**RECORDS FOR THIS TASK**.
● ● ● ●

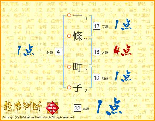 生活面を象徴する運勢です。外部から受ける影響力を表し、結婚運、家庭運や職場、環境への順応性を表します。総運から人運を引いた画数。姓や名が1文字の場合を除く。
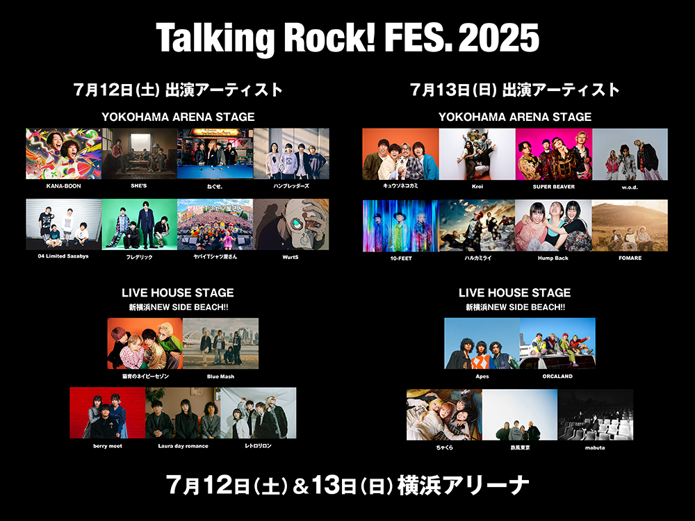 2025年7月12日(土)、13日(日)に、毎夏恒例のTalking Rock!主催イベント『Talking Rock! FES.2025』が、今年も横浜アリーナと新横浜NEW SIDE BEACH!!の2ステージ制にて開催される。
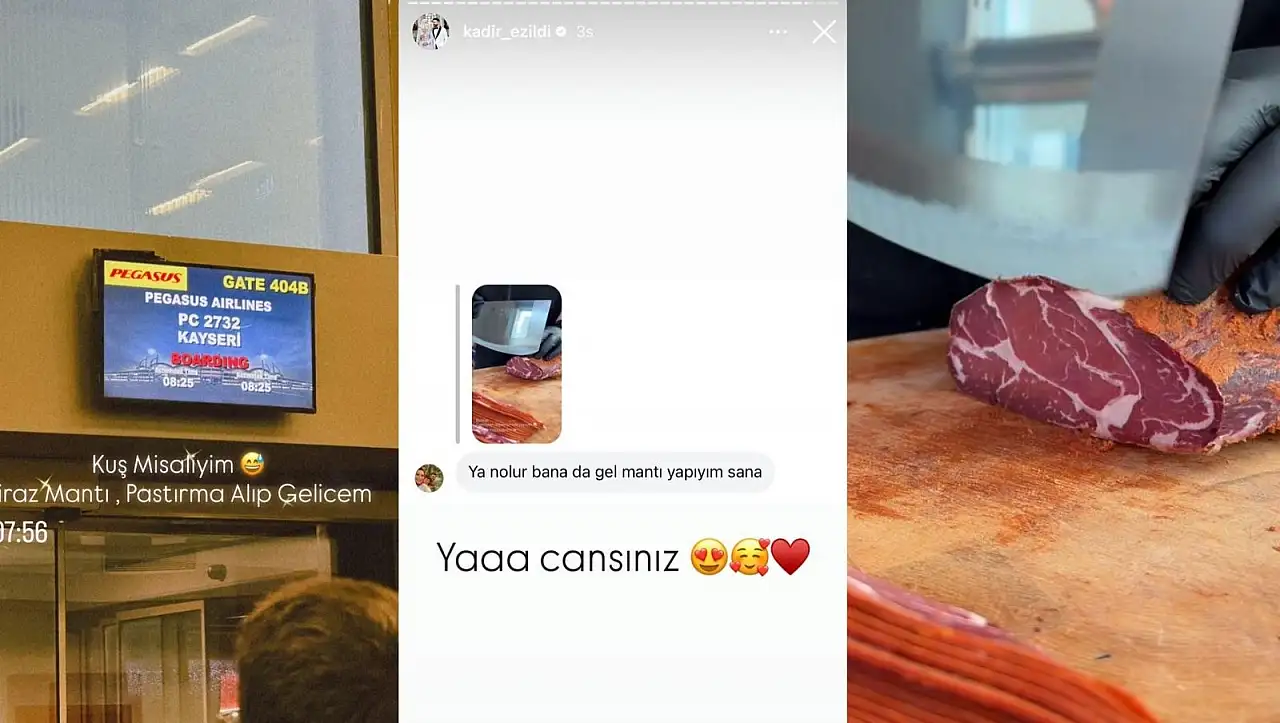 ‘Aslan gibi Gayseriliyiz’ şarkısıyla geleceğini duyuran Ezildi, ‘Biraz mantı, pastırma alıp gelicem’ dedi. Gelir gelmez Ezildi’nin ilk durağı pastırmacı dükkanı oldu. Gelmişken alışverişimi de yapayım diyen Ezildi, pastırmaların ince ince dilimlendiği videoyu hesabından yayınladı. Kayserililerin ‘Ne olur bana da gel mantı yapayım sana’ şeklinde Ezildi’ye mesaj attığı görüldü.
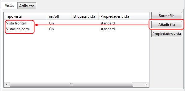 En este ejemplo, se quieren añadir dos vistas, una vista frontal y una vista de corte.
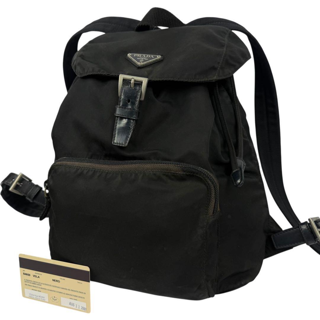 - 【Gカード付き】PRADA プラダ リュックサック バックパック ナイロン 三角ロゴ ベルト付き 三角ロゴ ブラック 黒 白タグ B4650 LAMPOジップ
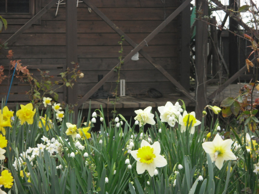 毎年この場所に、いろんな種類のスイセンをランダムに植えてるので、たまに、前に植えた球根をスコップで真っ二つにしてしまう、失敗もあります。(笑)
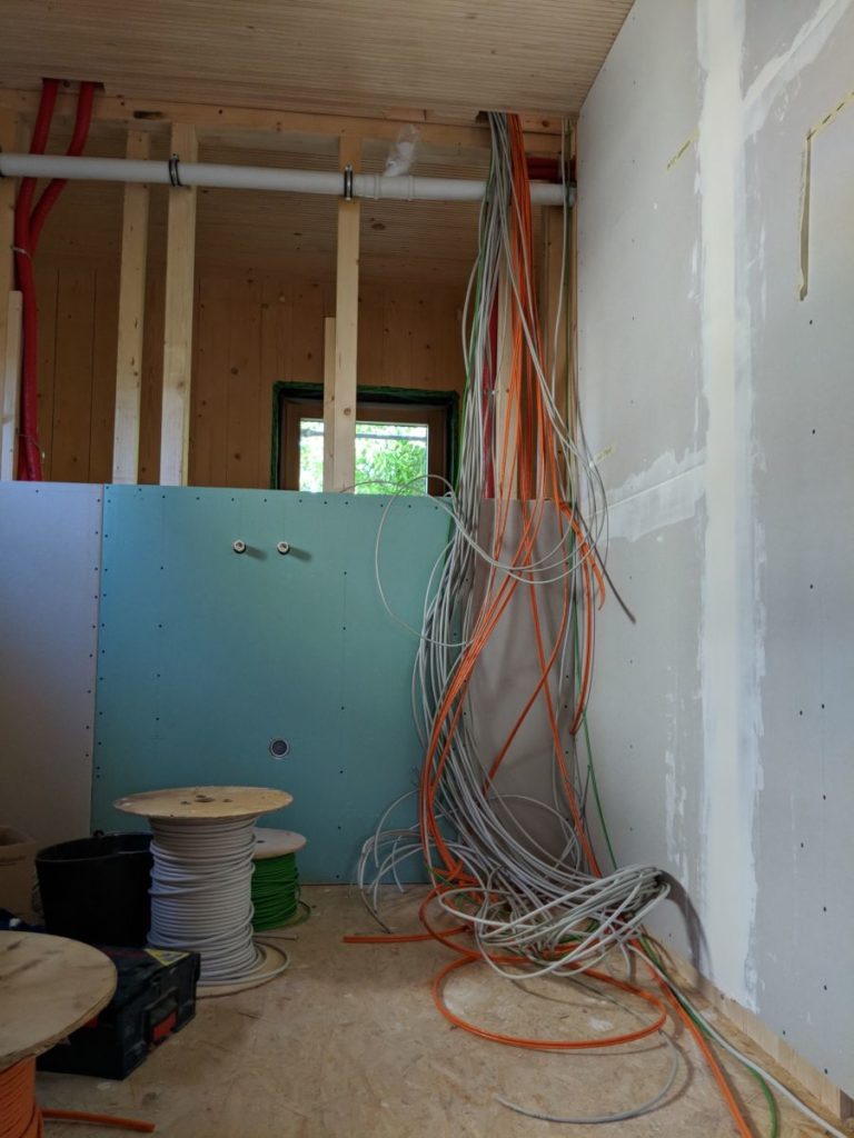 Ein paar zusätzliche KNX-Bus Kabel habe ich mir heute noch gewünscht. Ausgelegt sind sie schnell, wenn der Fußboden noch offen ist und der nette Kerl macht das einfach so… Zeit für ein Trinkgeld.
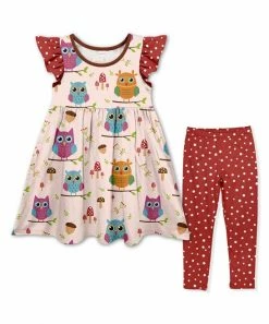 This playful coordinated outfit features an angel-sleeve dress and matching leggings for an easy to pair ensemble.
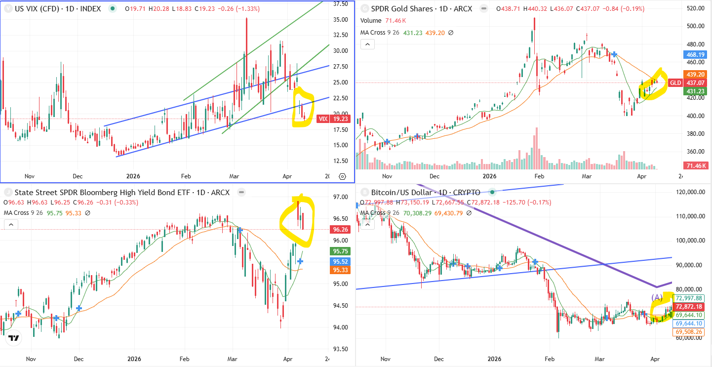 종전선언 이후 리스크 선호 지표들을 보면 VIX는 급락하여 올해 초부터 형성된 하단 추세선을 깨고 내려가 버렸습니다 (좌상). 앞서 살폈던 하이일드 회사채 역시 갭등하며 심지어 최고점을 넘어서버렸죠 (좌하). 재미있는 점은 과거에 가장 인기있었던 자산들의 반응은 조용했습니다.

● ● ● ●

Copy the lines above exactly, starting at the one with "2025年7月12日(土)、13日(日)に、毎夏恒例のTalking Rock!主催イベント『Talking Rock!" and ending at the one with "- 【Gカード付き】PRADA プラダ", both included. Leave out any pictures and add nothing else.

**OUTPUT**.
 2025年7月12日(土)、13日(日)に、毎夏恒例のTalking Rock!主催イベント『Talking Rock! FES.2025』が、今年も横浜アリーナと新横浜NEW SIDE BEACH!!の2ステージ制にて開催される。
 ‘Aslan gibi Gayseriliyiz’ şarkısıyla geleceğini duyuran Ezildi, ‘Biraz mantı, pastırma alıp gelicem’ dedi. Gelir gelmez Ezildi’nin ilk durağı pastırmacı dükkanı oldu. Gelmişken alışverişimi de yapayım diyen Ezildi, pastırmaların ince ince dilimlendiği videoyu hesabından yayınladı. Kayserililerin ‘Ne olur bana da gel mantı yapayım sana’ şeklinde Ezildi’ye mesaj attığı görüldü.
 En este ejemplo, se quieren añadir dos vistas, una vista frontal y una vista de corte.
 - 【Gカード付き】PRADA プラダ リュックサック バックパック ナイロン 三角ロゴ ベルト付き 三角ロゴ ブラック 黒 白タグ B4650 LAMPOジップ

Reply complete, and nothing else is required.